Professor Lyall shrugged elegantly. “Not necessarily. I should caution, however, that pack rules are often quite blunt and
not necessarily intended for a lady of Miss Hisselpenny's delicacy.”

Alexia grinned at him. “As opposed to mine?” she asked, putting him on the spot.

The professor was not to be trifled with. “My dear Miss Tarabotti, you are nothing if not resilient.”

Ivy, blushing furiously, spread open her fan and began fluttering it to cool her hot face.
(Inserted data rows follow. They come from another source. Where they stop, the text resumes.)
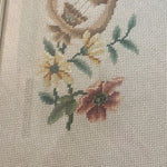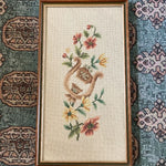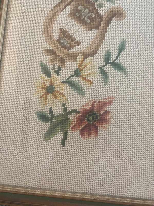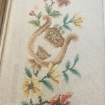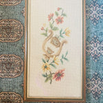 Grandmillennial Vintage Needlepoint Floral and Harp / Lyre Wood Framed in glass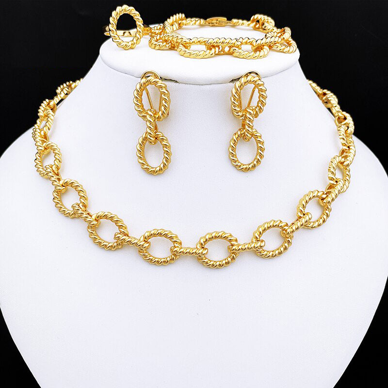 Afraic Jewelry-Women Prom Necklace Earrings Charm Bracelet African Gold Color Jewelry Set Wedding Party Jewelry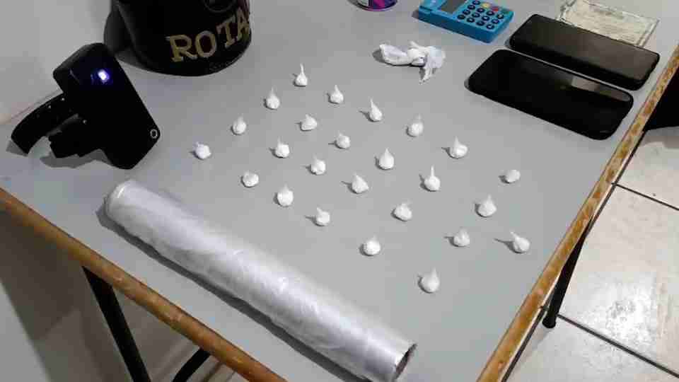 Na casa, os policiais apreenderam cerca de 16,9 gramas de cocaína divididas em 25 porções prontas para venda, além de balança de precisão, máquina de cartão, embalagens, celulares e documentos.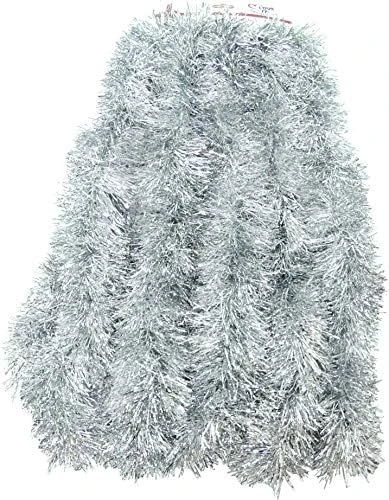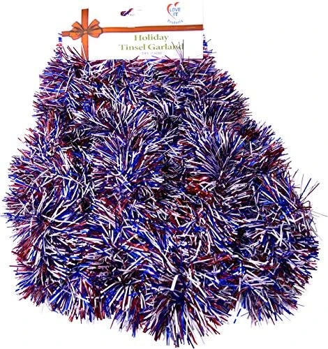 - DECORATIVE: This shimmering fine foil tinsel decoration adds color and elegance to your home, office, public or private party decor. Available in a variety of rich assorted colors: Gold, Silver, Green, Red, and Blue.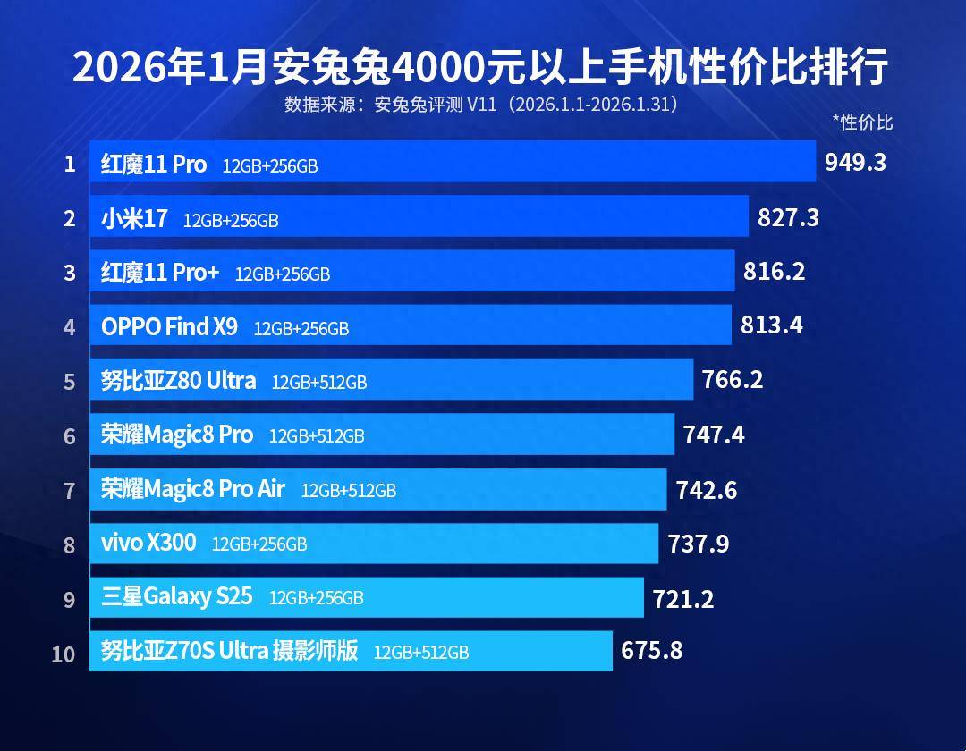97国际-至尊品牌,源于信誉-今天分享的是2026年1月安兔兔旗舰手机性价比榜单,价格区间是4000元以上,以某东自营平台的售价为准。因为电商平台价格波动频繁,所以该榜单仅供大家参考,需要提前说明的是,该榜单仅收录正在开售的机型。在分享榜单机型的同时,亓纪也会附上该机的核心卖点和实时价格,方便大家进行选购和对比,以下是榜单的详细内容。

The fan was bright red Chinese
silk with yellow lace at its edge, clearly selected to match the reprehensible shepherdess hat. Alexia rolled her eyes. Was
Ivy's dubious taste now extending to
all
her accessories?

The fan seemed to give Miss Hisselpenny some courage. “Please,” she insisted, “do not forbear needlessly on my account.”

Miss Tarabotti smiled approvingly and patted her friend on the upper arm before turning expectantly back to face Professor
Lyall in his darkened corner. “Shall I come to the point, Professor? Lord Maccon's manners have been highly bewildering of
late. He has made several”—she paused delicately—“interesting incursions in my direction. These began, as you no doubt observed,
in the public street the other evening.”

“Oh, dear Alexia!” breathed Miss Hisselpenny, truly shaken. “You do not mean to tell me you were
observed
!”

Miss Tarabotti dismissed her friend's concern. “Only by Professor Lyall here, so far as I am aware, and he is the soul of
discretion.”

Professor Lyall, though clearly pleased by her accolade, said, “Not to be rude, Miss Tarabotti, but your aspect of pack protocol
is…?”

Alexia sniffed. “I am getting there. You must understand, Professor Lyall, this is a smidgen embarrassing. You must permit
me to broach the matter in a slightly roundabout manner.”

“Far be it for me to require directness from
you,
Miss Tarabotti,” replied the werewolf in a tone of voice Alexia felt might be bordering rudely on sarcasm.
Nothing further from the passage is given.